(Stored data entries)
------------------------------------
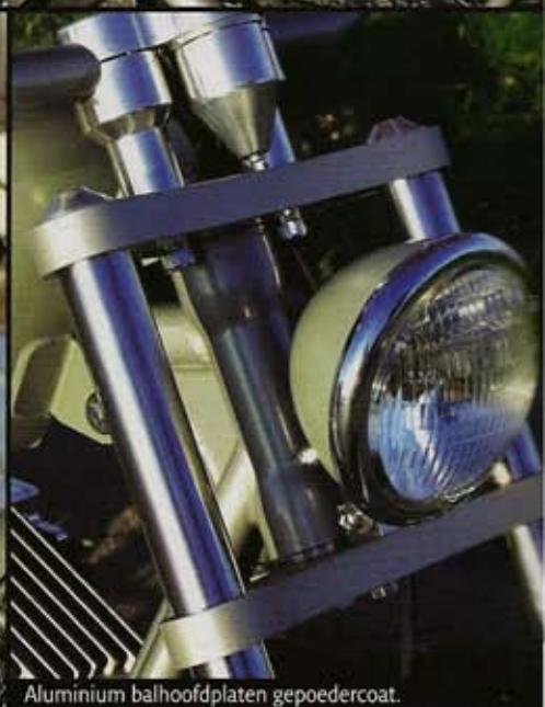
Aluminium balhoofdplaten gepoedercoat.
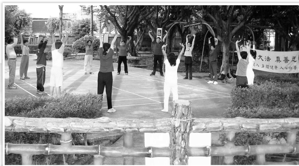
圖:每天集體煉功迎接晨曦，開始美好的一天

還有其它徵兆包括渙散的眼神、蠟黃的氣色也都獲得明顯改變，更重要的是，他已經恢復上班，在此之前，他形同廢人，如
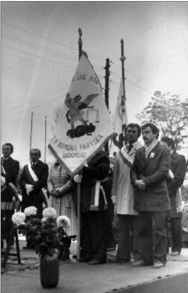
Poświęcenie sztandaru „Solidarności” ZP „Komuna Paryska”.
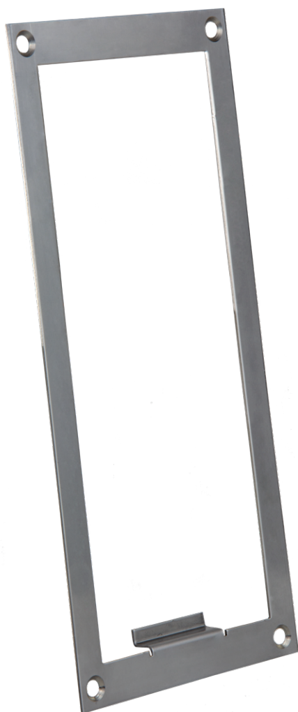
Modèle présenté : CP1
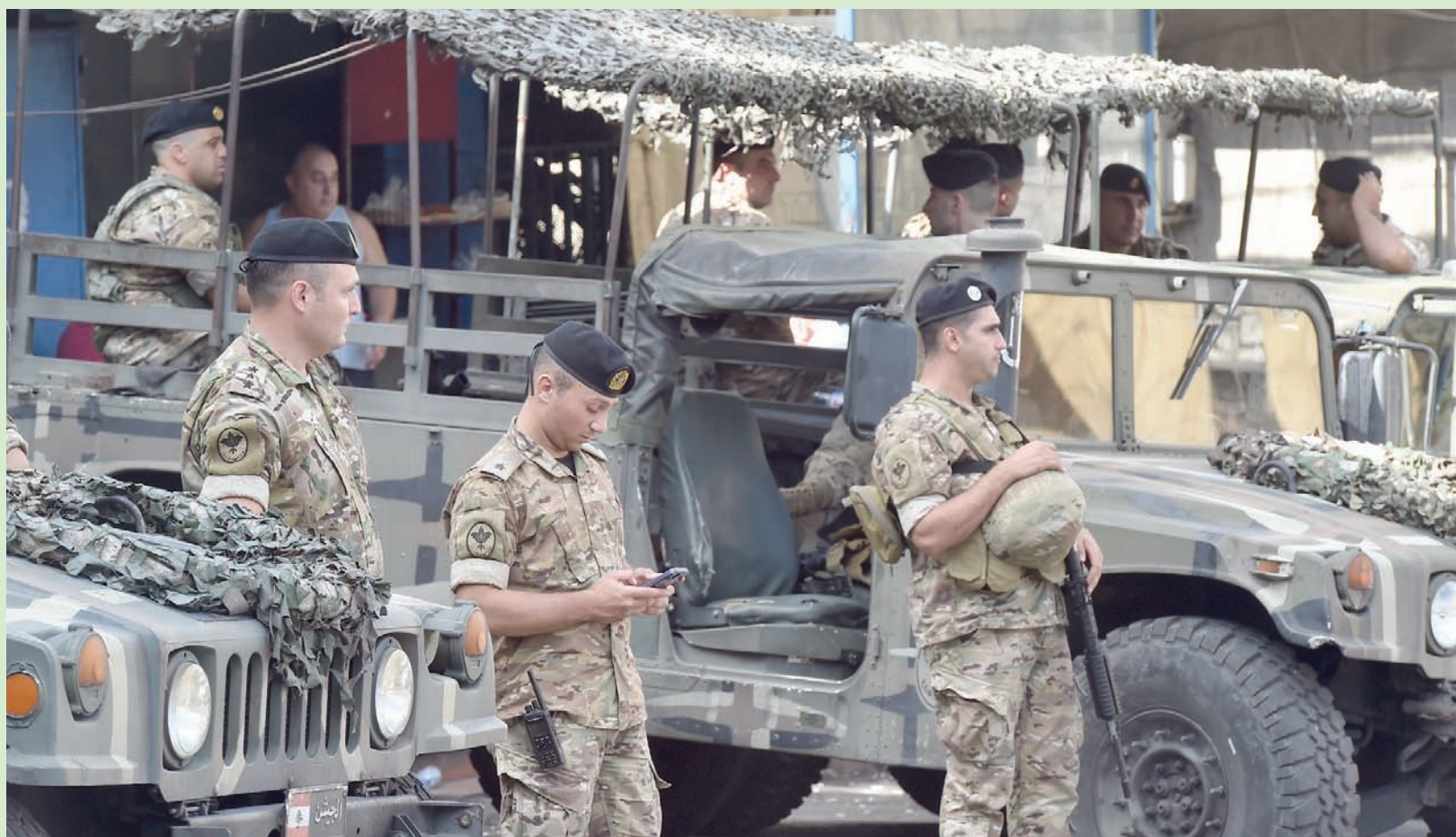
انتشار عناصر من الجيش اللبناني في موقع حادثه الشاحنة بحالة أمس
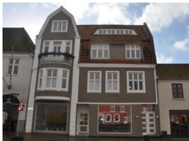
Vestergade 1, 1910. Med et facadeudtryk præget af jugendperioden og schweizerstilen, mens karnappen og taget med taskeskivst og herover flagemusekvisst præges af Heimatschutz-stilen.
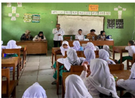
Gambar 1. Pengenalan ruang pojok baca kepada siswa MI Darul Huda

Program pengadaan pojok baca di MI Darul Huda, Desa Ramea, telah terlaksana dengan baik. Satu ruang yang ada di sekolah berhasil dilengkapi pojok baca dengan desain menarik dan koleksi awal sebanyak 150 buku bacaan anak, termasuk cerita rakyat, ensiklopedia mini, buku aktivitas, dan cerita bergambar. Kemudian siswa diperkenalkan terkait fungsi dan tata cara penggunaan pojok baca (Trisnawati et al., 2025), melalui kegiatan membaca bersama, bermain peran dari cerita, serta lomba membaca singkat untuk membangun antusiasme awal.
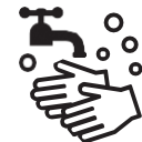
石けんによる 手洗い
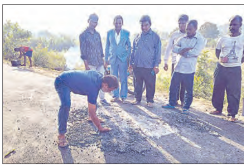
ପକାଇ କାର୍ଯ୍ୟ କରାଯିବ ବୋଲି ମୋହନା ଗ୍ରାମ୍ୟ ନିର୍ମାଣ ବିଭାଗ ଯତ୍ନ ଲୋକଙ୍କୁ କହିବା ପରେ ପରିସ୍ଥିତି ଶାନ୍ତ ପଡ଼ିଥିଲା ।

ମୋହନା, ୫।୧(ସମିପ): ରାସ୍ତାରେ ପିଚୁ ଢଳାଇ କାର୍ଯ୍ୟର ଗୋଟିଏ ଦିନ ପରେ ପିଚୁ ଉଠିଯାଇଛି । ଏକାକି ଚିତ୍ର ଦେଖିବା ପାଇଁ ମିଳିଛି ଗଜପତି ଜିଲ୍ଲାର ମୋହନା-ଖାରିଗୁଡ଼ା ପ୍ରଧାନମନ୍ତ୍ରୀ ଗ୍ରାମ୍ୟ ସହକାରୀ ଯୋଜନା ରାସ୍ତା ମରାମତି କାର୍ଯ୍ୟରେ । ସୂଚନା ପ୍ରକାରେ ମୋହନା ଶ୍ରୀକ୍ଷିତାନ୍ତରାଳୀ ସାହିତ୍ୟ ଶାଳାକୁ ଗ୍ରାମ୍ୟ ସହକାରୀ କରୁଥିବା ୧.୯୦୦କିମି ରାସ୍ତା ମରାମତି କାର୍ଯ୍ୟ ନିମନ୍ତେ ମୋହନା ଗ୍ରାମ୍ୟ ନିର୍ମାଣ ବିଭାଗ ପକ୍ଷରୁ ୧୨ ଲକ୍ଷ ୯୯ ହଜାର ୯୯୯ ଟଙ୍କା ବ୍ୟୟଭରଣ କରାଯିବ । ସହକାରୀ ଯୋଜନା ଗ୍ରାମ୍ୟ ନିର୍ମାଣ ବିଭାଗ ପକ୍ଷରୁ ୧୨ ଲକ୍ଷ ୯୯ ହଜାର ୯୯୯ ଟଙ୍କା ବ୍ୟୟଭରଣ କରାଯିବ । ସହକାରୀ ଯୋଜନା ଗ୍ରାମ୍ୟ ନିର୍ମାଣ ବିଭାଗ ପକ୍ଷରୁ ୧୨ ଲକ୍ଷ ୯୯ ହଜାର ୯୯୯ ଟଙ୍କା ବ୍ୟୟଭରଣ କରାଯିବ ।
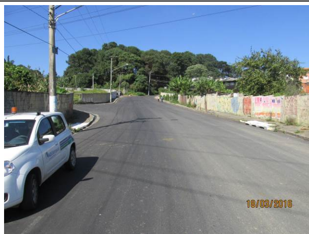
Foto 24: Trecho da Rua Pinheiro Furtado que cruza a LTA Henry Borden.
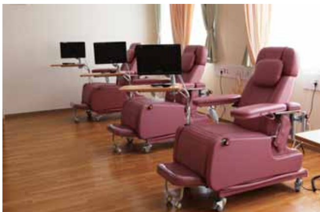
■ 外来化学療法センター
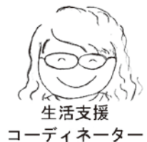
生活支援 コーディネーター

いきなりその質問！？と驚きましたが、「あなた、どこの人？」というひと言は、人とのつながりを生む魔法の言葉のように感じました。
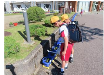
<水やりをする子供の様子>
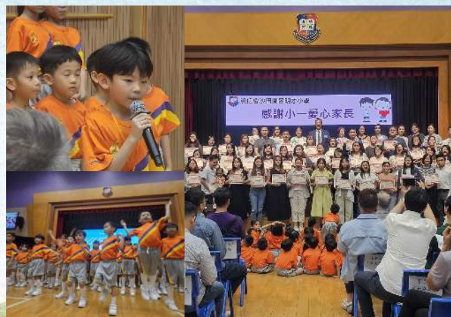
小一成長禮暨小一愛心家長重聚日 2024/10/04
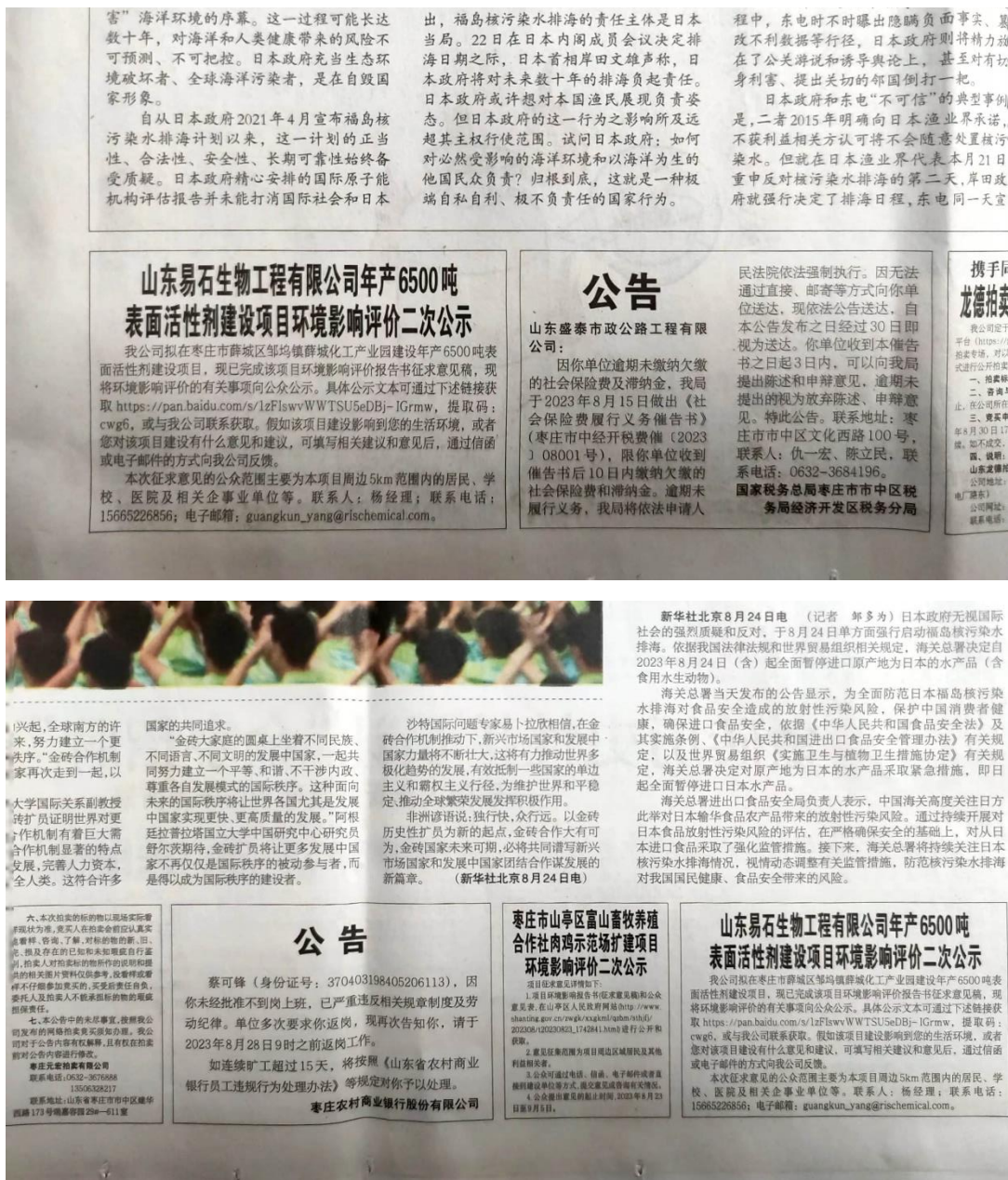
图 3-2 二次公示登报情况

《枣庄日报》是中共枣庄市委的机关报，在枣庄地区发行量较大。为提高本项目环境影响评价公众参与的广泛性、便利性、真实性，我公司选取《枣庄日报》进行环评信息公示，载体选取符合相关要求。报纸公示的相关截屏见图3-2。
------------------------------------
**Problem description:** Pictures are to be left out when the lines from the one containing "Modèle présenté : CP1" through the end of the records above are repeated exactly; no other line is wanted.

**Expected answer:**
Modèle présenté : CP1
انتشار عناصر من الجيش اللبناني في موقع حادثه الشاحنة بحالة أمس
Vestergade 1, 1910. Med et facadeudtryk præget af jugendperioden og schweizerstilen, mens karnappen og taget med taskeskivst og herover flagemusekvisst præges af Heimatschutz-stilen.
Gambar 1. Pengenalan ruang pojok baca kepada siswa MI Darul Huda

Program pengadaan pojok baca di MI Darul Huda, Desa Ramea, telah terlaksana dengan baik. Satu ruang yang ada di sekolah berhasil dilengkapi pojok baca dengan desain menarik dan koleksi awal sebanyak 150 buku bacaan anak, termasuk cerita rakyat, ensiklopedia mini, buku aktivitas, dan cerita bergambar. Kemudian siswa diperkenalkan terkait fungsi dan tata cara penggunaan pojok baca (Trisnawati et al., 2025), melalui kegiatan membaca bersama, bermain peran dari cerita, serta lomba membaca singkat untuk membangun antusiasme awal.
石けんによる 手洗い
ପକାଇ କାର୍ଯ୍ୟ କରାଯିବ ବୋଲି ମୋହନା ଗ୍ରାମ୍ୟ ନିର୍ମାଣ ବିଭାଗ ଯତ୍ନ ଲୋକଙ୍କୁ କହିବା ପରେ ପରିସ୍ଥିତି ଶାନ୍ତ ପଡ଼ିଥିଲା ।

ମୋହନା, ୫।୧(ସମିପ): ରାସ୍ତାରେ ପିଚୁ ଢଳାଇ କାର୍ଯ୍ୟର ଗୋଟିଏ ଦିନ ପରେ ପିଚୁ ଉଠିଯାଇଛି । ଏକାକି ଚିତ୍ର ଦେଖିବା ପାଇଁ ମିଳିଛି ଗଜପତି ଜିଲ୍ଲାର ମୋହନା-ଖାରିଗୁଡ଼ା ପ୍ରଧାନମନ୍ତ୍ରୀ ଗ୍ରାମ୍ୟ ସହକାରୀ ଯୋଜନା ରାସ୍ତା ମରାମତି କାର୍ଯ୍ୟରେ । ସୂଚନା ପ୍ରକାରେ ମୋହନା ଶ୍ରୀକ୍ଷିତାନ୍ତରାଳୀ ସାହିତ୍ୟ ଶାଳାକୁ ଗ୍ରାମ୍ୟ ସହକାରୀ କରୁଥିବା ୧.୯୦୦କିମି ରାସ୍ତା ମରାମତି କାର୍ଯ୍ୟ ନିମନ୍ତେ ମୋହନା ଗ୍ରାମ୍ୟ ନିର୍ମାଣ ବିଭାଗ ପକ୍ଷରୁ ୧୨ ଲକ୍ଷ ୯୯ ହଜାର ୯୯୯ ଟଙ୍କା ବ୍ୟୟଭରଣ କରାଯିବ । ସହକାରୀ ଯୋଜନା ଗ୍ରାମ୍ୟ ନିର୍ମାଣ ବିଭାଗ ପକ୍ଷରୁ ୧୨ ଲକ୍ଷ ୯୯ ହଜାର ୯୯୯ ଟଙ୍କା ବ୍ୟୟଭରଣ କରାଯିବ । ସହକାରୀ ଯୋଜନା ଗ୍ରାମ୍ୟ ନିର୍ମାଣ ବିଭାଗ ପକ୍ଷରୁ ୧୨ ଲକ୍ଷ ୯୯ ହଜାର ୯୯୯ ଟଙ୍କା ବ୍ୟୟଭରଣ କରାଯିବ ।
Foto 24: Trecho da Rua Pinheiro Furtado que cruza a LTA Henry Borden.
■ 外来化学療法センター
生活支援 コーディネーター

いきなりその質問！？と驚きましたが、「あなた、どこの人？」というひと言は、人とのつながりを生む魔法の言葉のように感じました。
<水やりをする子供の様子>
小一成長禮暨小一愛心家長重聚日 2024/10/04
图 3-2 二次公示登报情况

《枣庄日报》是中共枣庄市委的机关报，在枣庄地区发行量较大。为提高本项目环境影响评价公众参与的广泛性、便利性、真实性，我公司选取《枣庄日报》进行环评信息公示，载体选取符合相关要求。报纸公示的相关截屏见图3-2。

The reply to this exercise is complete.